RECORDS FOR THIS TASK:
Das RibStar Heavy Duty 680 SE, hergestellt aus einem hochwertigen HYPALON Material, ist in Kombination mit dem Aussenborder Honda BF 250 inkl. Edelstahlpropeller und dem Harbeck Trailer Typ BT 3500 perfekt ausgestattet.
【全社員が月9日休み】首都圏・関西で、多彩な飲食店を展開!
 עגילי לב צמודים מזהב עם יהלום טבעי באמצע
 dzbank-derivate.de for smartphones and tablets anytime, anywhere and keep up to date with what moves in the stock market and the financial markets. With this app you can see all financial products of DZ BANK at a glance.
---
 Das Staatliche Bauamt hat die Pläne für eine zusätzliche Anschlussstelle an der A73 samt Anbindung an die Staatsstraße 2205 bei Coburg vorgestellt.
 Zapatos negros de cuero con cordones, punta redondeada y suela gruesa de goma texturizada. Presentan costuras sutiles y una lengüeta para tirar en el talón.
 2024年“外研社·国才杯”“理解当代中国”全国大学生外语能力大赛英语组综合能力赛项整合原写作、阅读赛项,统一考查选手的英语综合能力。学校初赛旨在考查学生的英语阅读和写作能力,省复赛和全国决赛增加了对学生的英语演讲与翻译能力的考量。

INSTRUCTIONS TO FOLLOW:
Starting at the line above that contains "עגילי לב צמודים מזהב עם יהלום טבעי באמצע", repeat each line exactly up to and including the line that contains "dzbank-derivate.de for smartphones", and stop there.

RESPONSE AREA:
 עגילי לב צמודים מזהב עם יהלום טבעי באמצע
 dzbank-derivate.de for smartphones and tablets anytime, anywhere and keep up to date with what moves in the stock market and the financial markets. With this app you can see all financial products of DZ BANK at a glance.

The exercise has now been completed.